Work to be completed
Would you return the lines that run from the start of the data below to the line with "姫ロリ 華ロリ BB-BB1211111", both included, exactly as written and without pictures?

Material provided
BEGIN
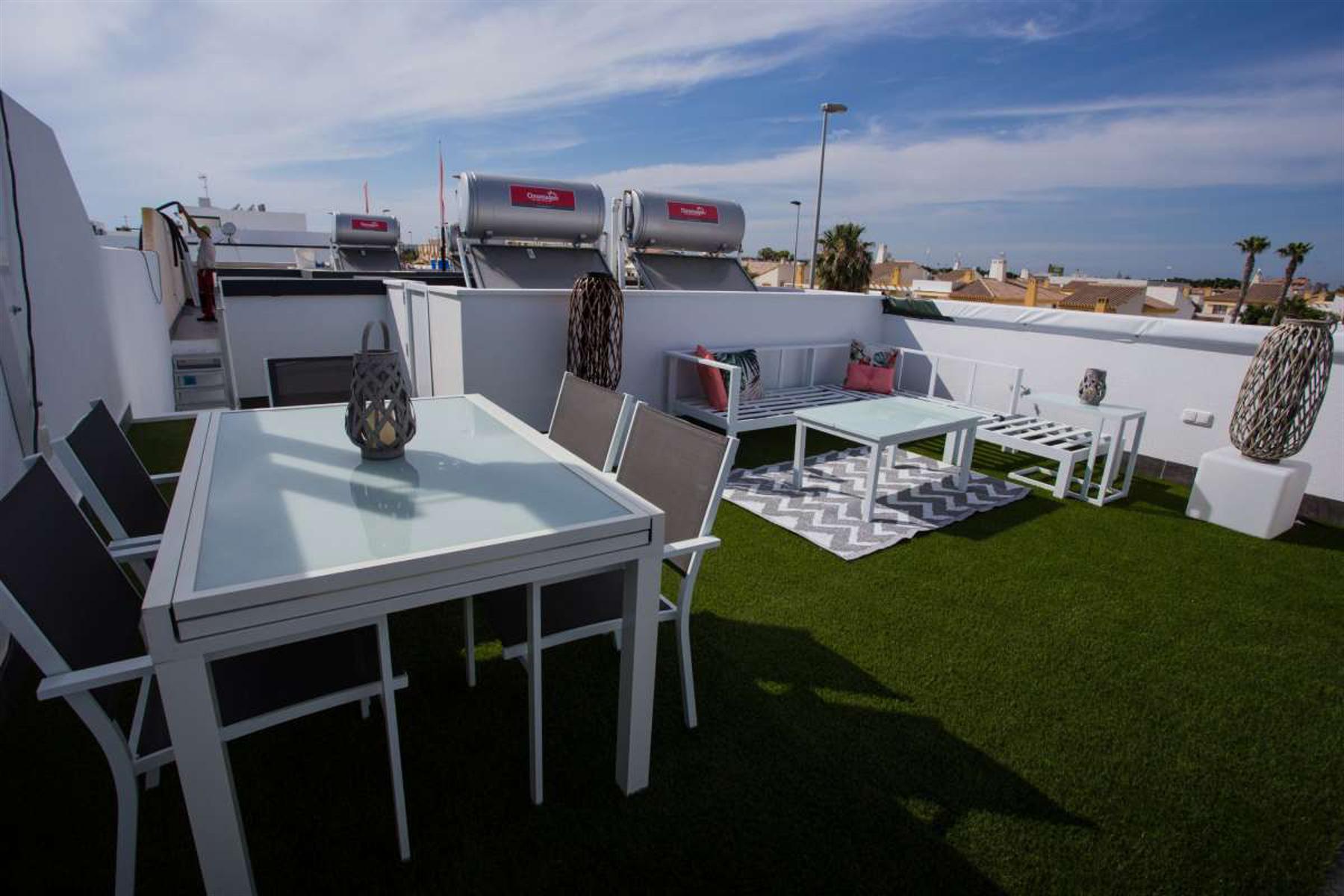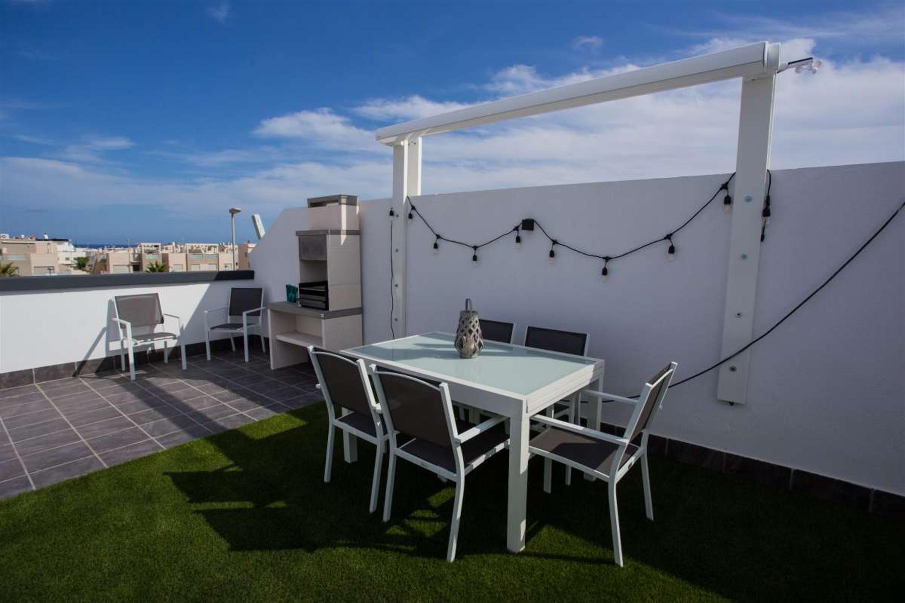 Prijzen vanaf € 139 000 – € 149 000 Ongelooflijke opportuniteit, op wandelafstand van het strand en het nieuwe winkelcentrum Plaza Nueva. Wij stellen u deze residentie voor die bestaat uit 36 nieuwe en moderne bungalows, met garage, gemeenschappelijk zwembad en paddle tennisbaan, allemaal gelegen in de hoofdstraat van Torre de la Horadada, 250m van het winkelcentrum en 500m van de jachthaven en het strand. De bungalows hebben 2 slaapkamers en 1 badkamer. U kunt kiezen tussen de begane grond met tuin of de eerste verdieping met solarium en uitzicht op zee. Bouwjaar: sleutelklaar
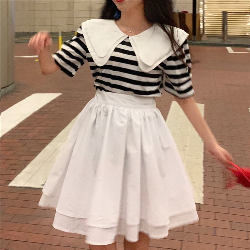 ✞ ネイビーきれいめ☆ストライプトップス ダブルスカート サマー スウィート 夏物 ✞ゴスロリ SM ミリ 甘ロリ クラロリ 和ロリ エレガント 黒ロリ 姫ロリ 華ロリ BB-BB1211111
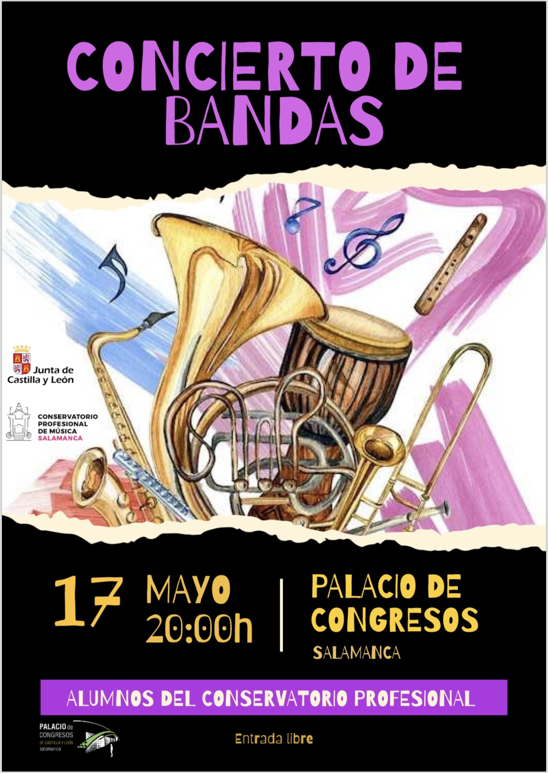 Este viernes 17 de mayo a las 20:00 h, tendremos las audiciones del 3º trimestre de las Bandas del Conservatorio Profesional de Música de Salamanca( Elemental, Profesional 1º a 3º y Profesional de 4º a 6º). Obras de Willian Owens, Rodrigo Tejedor Corredera, Alfredo Javaloyes….y como broche final se interpretará la 4º Sinfonía de Johan de Meij con coro de niños y soprano.
END
Answer box
 Prijzen vanaf € 139 000 – € 149 000 Ongelooflijke opportuniteit, op wandelafstand van het strand en het nieuwe winkelcentrum Plaza Nueva. Wij stellen u deze residentie voor die bestaat uit 36 nieuwe en moderne bungalows, met garage, gemeenschappelijk zwembad en paddle tennisbaan, allemaal gelegen in de hoofdstraat van Torre de la Horadada, 250m van het winkelcentrum en 500m van de jachthaven en het strand. De bungalows hebben 2 slaapkamers en 1 badkamer. U kunt kiezen tussen de begane grond met tuin of de eerste verdieping met solarium en uitzicht op zee. Bouwjaar: sleutelklaar
 ✞ ネイビーきれいめ☆ストライプトップス ダブルスカート サマー スウィート 夏物 ✞ゴスロリ SM ミリ 甘ロリ クラロリ 和ロリ エレガント 黒ロリ 姫ロリ 華ロリ BB-BB1211111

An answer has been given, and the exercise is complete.